His victory at Adare Manor, where he ended a 25 year wait for a home winner, has given the Irishmen further impetus to claim his first Major.

“For me winning the Irish open was not necessarily winning on the course but more just dealing with everything that went around it,” said last season’s European Tour Number One. “And if you get in contention at the US Open, it can be quite a circus around the actual event.

“There was a lot of distraction in Ireland that I went through well and kept my mind focused on winning.”

Harrington will need that focus at Oakmont which he called a fair test yet one that he expected to be tougher than last year's US Open at Winged Foot.

The winning score at Winged Foot was five over par 285 posted by Australian Geoff Ogilvy and Harrington admitted he would be hard pressed to predict a wining score but left no doubt who he felt was in control of it.

Asked if he would accept four rounds of 72 on the par 70 layout, he said: "I wouldn't be putting my house on that eight over par is going to win this tournament. But I certainly think it's got a chance.

"As I said, if the USGA want us to shoot level par this week, the winning score will be level par.

"So it's much more in their control than it is in any player's control. If somebody goes out and shoots 66 the first day, God help the rest of us for the next three days. But I don't see that happening."

Harrington has three top ten finishes in the US Open, most recently last year at Winged Foot when he tied for fifth.

“There are a number of events that as I’ve gone on would give me confidence to believe that I can produce the goods to win, and probably none more so than the US Open last year.

"I had three pars to win the US Open last year and was very comfortable in that position," said Harrington.

"It rolls off the tongue very well, three pars to win the US Open, sounds pretty straightforward. I was playing great, felt comfortable to that stage and didn't play the last three holes pretty badly either. I'm well capable of doing it."

For Harrington to win, he will have to tame what a course which boasts the longest hole in US Open history, the 667 yard 12th, the longest par three in the 288 yard eighth hole and, for good measure, the second longest par four with the 15th measuring 500 yards.

Then throw in a staggering 210 bunkers, including some of the most penal fairway bunkers ever seen, such as the famous church pews alongside the third and fourth holes, which have been lengthened, widened and deepened for the US Open. Mike Davis, senior director of Rules and Competitions who is in charge of the course set-up, sums the bunkers up when he states: “When you get in them, you are not going to get to the green. It will be worse than being in the rough. And we haven’t had that in some years.”

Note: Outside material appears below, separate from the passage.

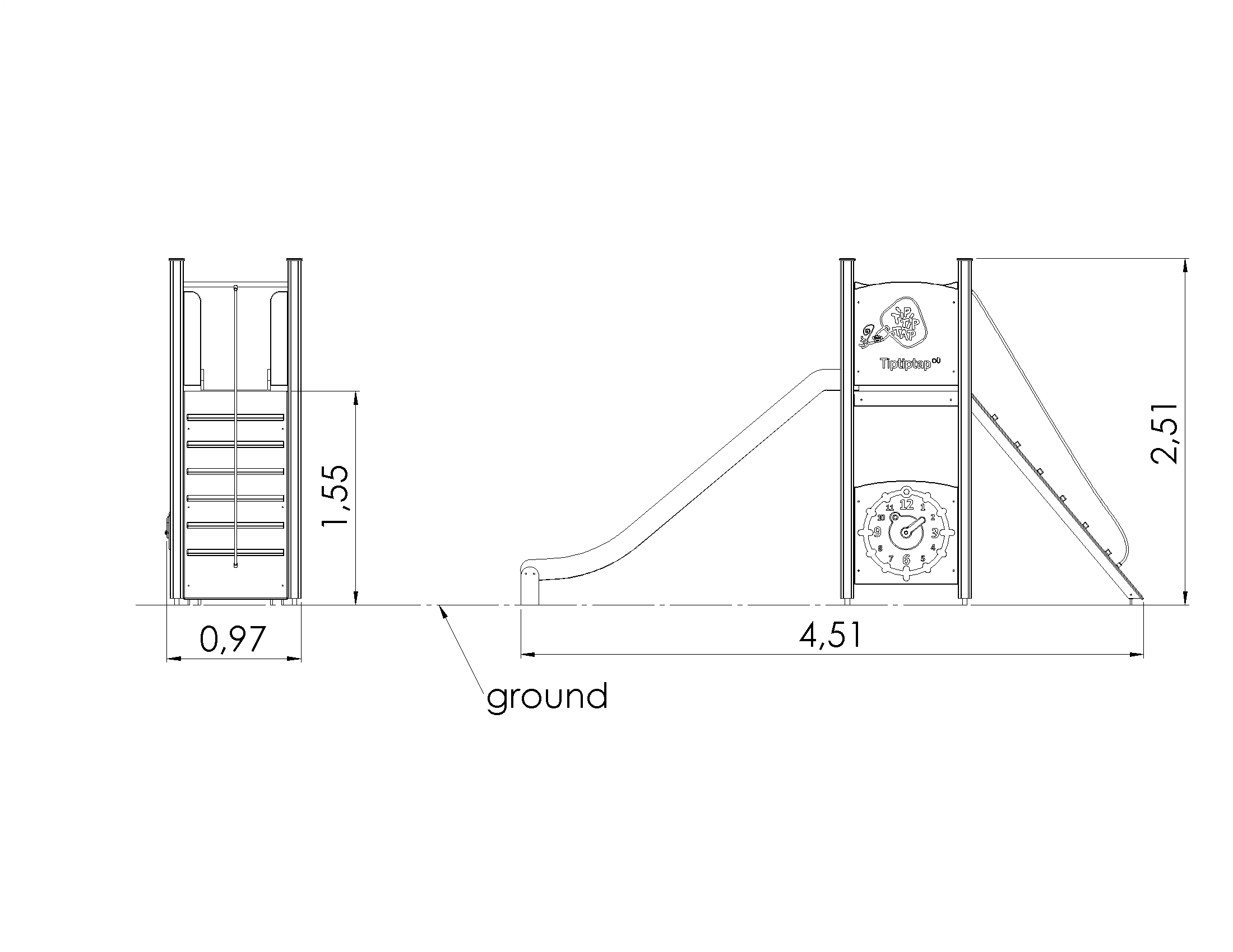Liumägi liurenni ja astmetega kaldteega. Platvormi all on vahva mängunurk, kuhu saab valida istepingiga kööginurga või autojuhikabiini elemendid. Mängunurga välisküljel on tegeluspaneel kella õppimiseks. Linnaku külgpaneele on võimalik vahetada erinevate tegeluspaneelide või temaatiliste prinditud paneelide vastu (loomad, linnud, kalad, puud, marjad jne), mille täpsed kujundused kooskõlastame kliendiga tellimuse käigus.

And getting to the green is generally considered the easy part, as the Oakmont greens are, by common consent, the toughest greens ever faced in a US Open or any other tournament. The fact at Arnold Palmer suffered 11 three putts when he lost to Jack Nicklaus at the 1962 US Open at Oakmont in a play-off says it all.

“It’s a really good challenge,” said Harrington. “I don’t think I have played a golf course with as many hazards as close the fairway on both sides of the fairway. Normally you miss the fairway you are in heavy rough but you could be in a penal hazard. The conditions, it looks like we are going to have nice, sunny weather all week and a bit of a breeze and that lends itself to playing a difficult golf course like this. It should be a very fair test in these sort of conditions.

“Obviously the greens are the toughest part of the golf course. At the moment it’s playing quite well as there is a little bit of give in them. I don’t know what the intentions are but with a little bit of give in the greens, it makes it reasonable to play into such severe undulating greens.

“There are a lot of greens where you can’t exactly hit the middle of the green and two putt. You’ve got to try and hit it close. If you’re outside 20 feet you have got your work cut out to get down in two. Trying to hit the middle of the green, the ball won’t stay there for starters, and even if you are there you’re likely to be putting over some undulations on some very fast greens, so it is difficult to two putt. You are better off trying to hit it close and make a few birdies and a few bogeys that way."